Problem description » Pictures in the entries below are to be left out; otherwise, reproduce exactly the lines from the first through the line containing "Tendedero extensible para".

Dataset »
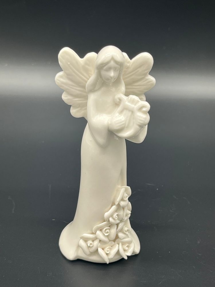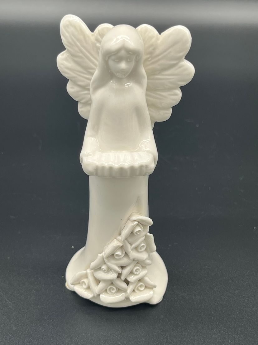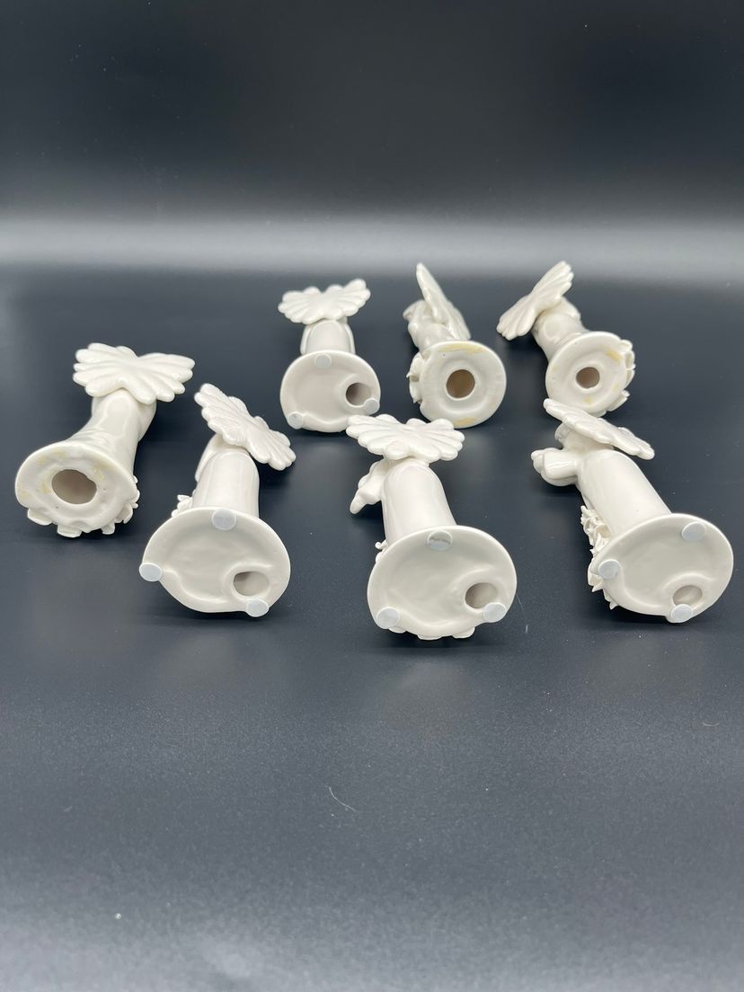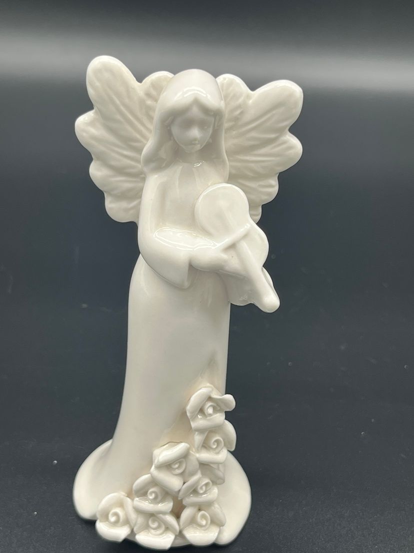 Create a heavenly holiday display with this set of 7 vintage ceramic angel figurines, each uniquely styled with instrument or symbolic item. Standing 5" tall, these angels feature delicate wings, flowing robes and floral base detailing. Their serene expressions and varied poses evoke a peaceful, nostalgic charm - perfect for mantel styling, nativity scenes or vintage Christmas vignettes.
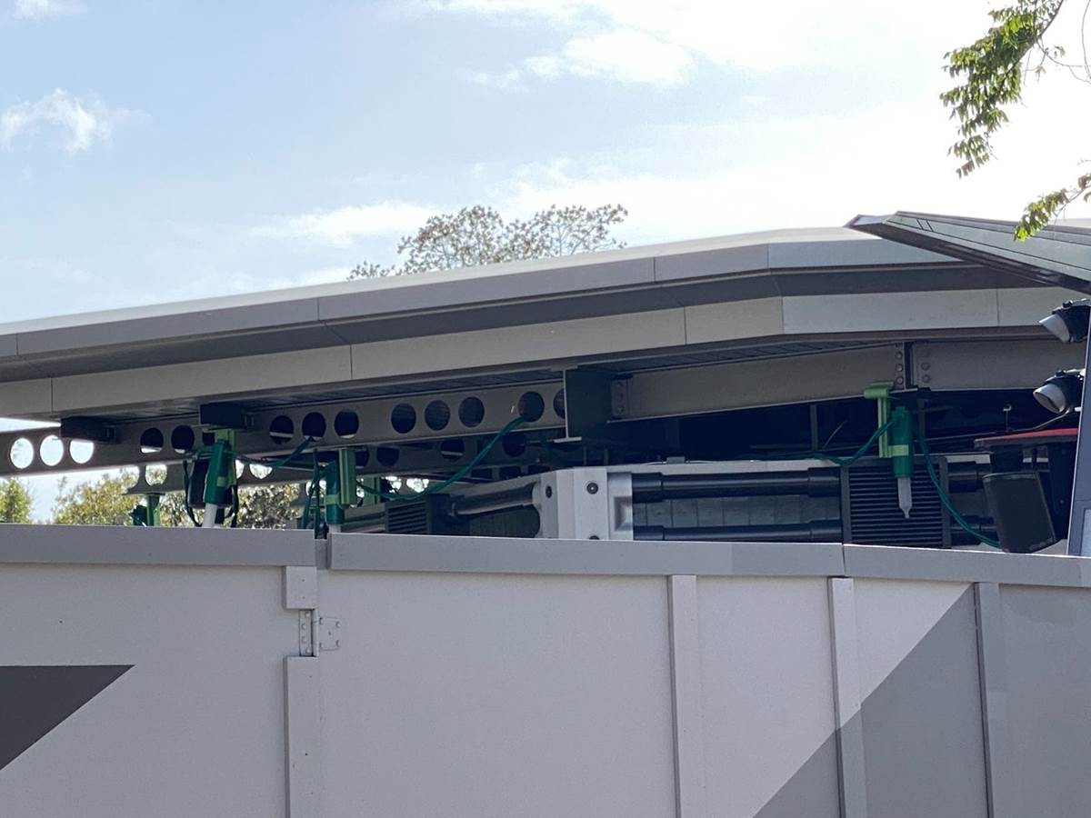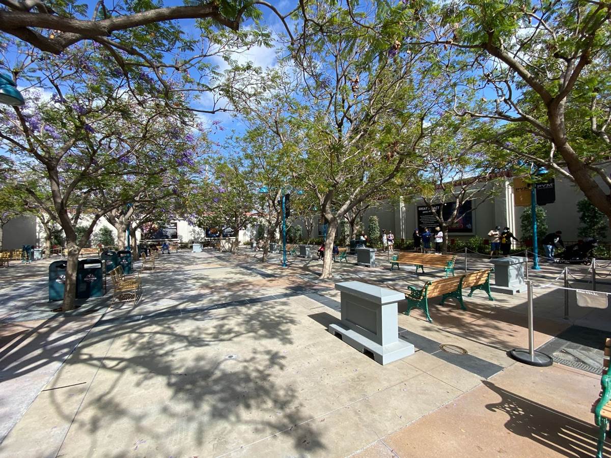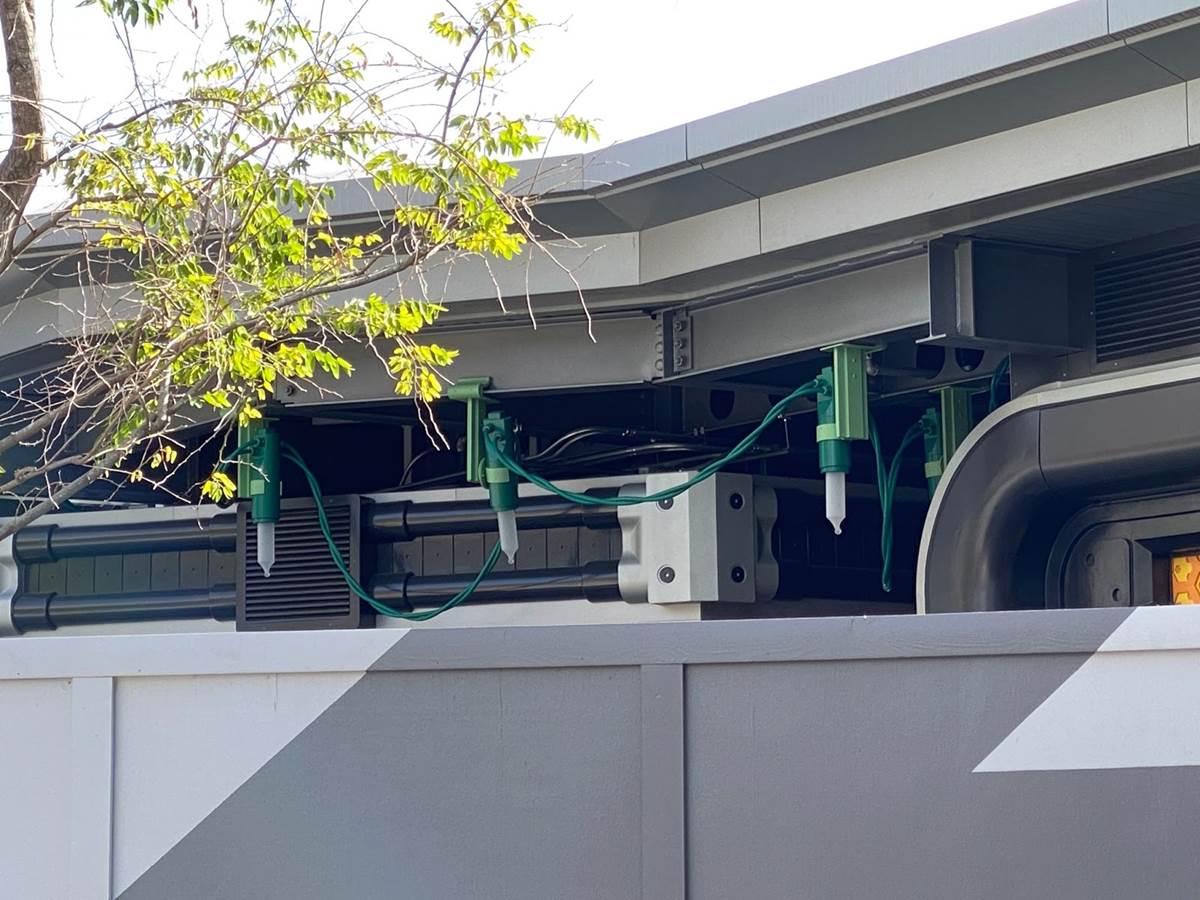 The most notable update from our look around the yet-to-open Avengers Campus is the outdoor dining area for the Pym Test Kitchen. This dining area is located in the courtyard next to the Hyperion Theater and features some fun new details.
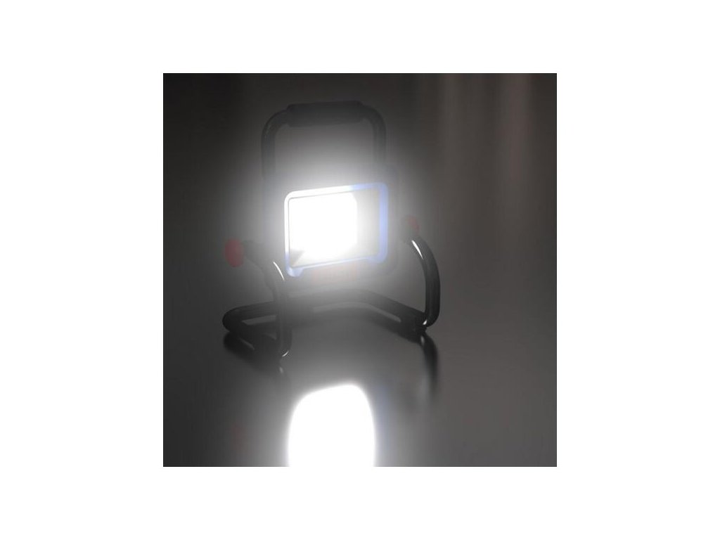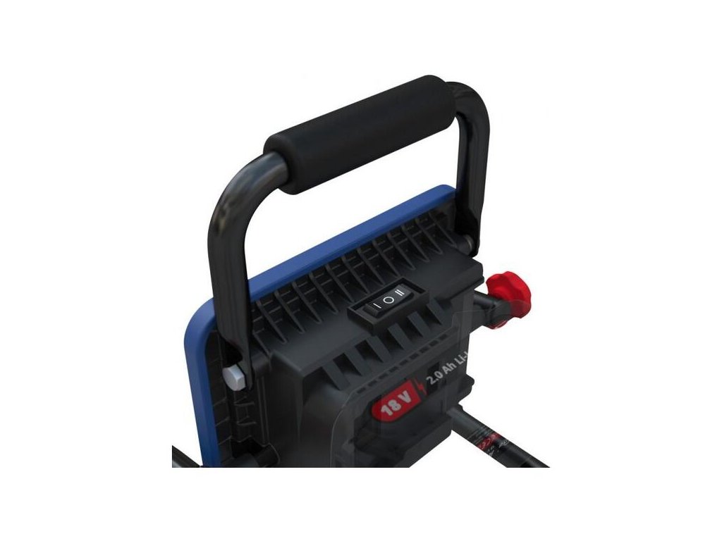 Akumulátorový LED reflektor zo série akumulátorového náradia 18V E3. Optimálne osvetlenie zabezpečuje 100 výkonných SMD LED diód. 2 svetelné toky: 2000 lm alebo 4800 lm. Teplota chromatickosti 6500 K (studená biela). Individuálne nastaviteľný uhol svietenia v rozsahu 120°. Držadlo na prenášanie s mäkkým úchytom. Na mobilné použitie okolo domu, v dielni alebo garáži. Bez akumulátora a nabíjačky.
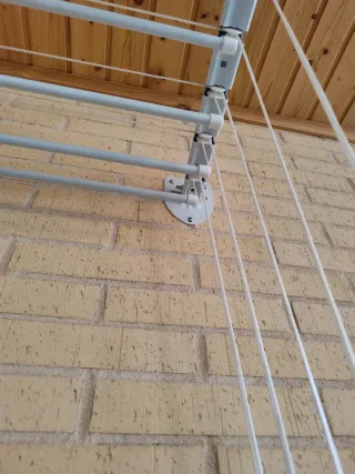 Tendedero extensible para instalar en pared o techo. Ofrece hasta 6 metros de espacio para tender. - Estructura de metal blanco. - Sistema de cuerdas retráctiles. Cada barra mide 1 metros y bajan individuales Incluye un gancho para subir y bajar las barras, un enganche de 6 ganchos para las cuerdas. Pregunta para envío, no lo he puesto aún porque no sé cuanto medirá la caja.
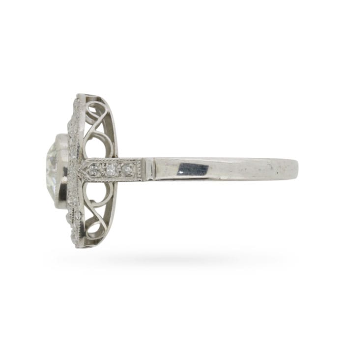 Dating from the latter Art Deco period, this striking c.1930s cluster ring presents an old cut diamond weighing 1.00 carat within a double octagonal halo, consisting of 0.58 carats of grain set old cuts. The diamonds all match in excellent quality, G in colour and VS2 in clarity. The ring’s antique platinum setting is emblematic of its time, featuring desirable period details, including hand-done mille-grain flourishes, gorgeous gallery work and diamond-accented shoulders.

Reply to the exercise »
 Create a heavenly holiday display with this set of 7 vintage ceramic angel figurines, each uniquely styled with instrument or symbolic item. Standing 5" tall, these angels feature delicate wings, flowing robes and floral base detailing. Their serene expressions and varied poses evoke a peaceful, nostalgic charm - perfect for mantel styling, nativity scenes or vintage Christmas vignettes.
 The most notable update from our look around the yet-to-open Avengers Campus is the outdoor dining area for the Pym Test Kitchen. This dining area is located in the courtyard next to the Hyperion Theater and features some fun new details.
 Akumulátorový LED reflektor zo série akumulátorového náradia 18V E3. Optimálne osvetlenie zabezpečuje 100 výkonných SMD LED diód. 2 svetelné toky: 2000 lm alebo 4800 lm. Teplota chromatickosti 6500 K (studená biela). Individuálne nastaviteľný uhol svietenia v rozsahu 120°. Držadlo na prenášanie s mäkkým úchytom. Na mobilné použitie okolo domu, v dielni alebo garáži. Bez akumulátora a nabíjačky.
 Tendedero extensible para instalar en pared o techo. Ofrece hasta 6 metros de espacio para tender. - Estructura de metal blanco. - Sistema de cuerdas retráctiles. Cada barra mide 1 metros y bajan individuales Incluye un gancho para subir y bajar las barras, un enganche de 6 ganchos para las cuerdas. Pregunta para envío, no lo he puesto aún porque no sé cuanto medirá la caja.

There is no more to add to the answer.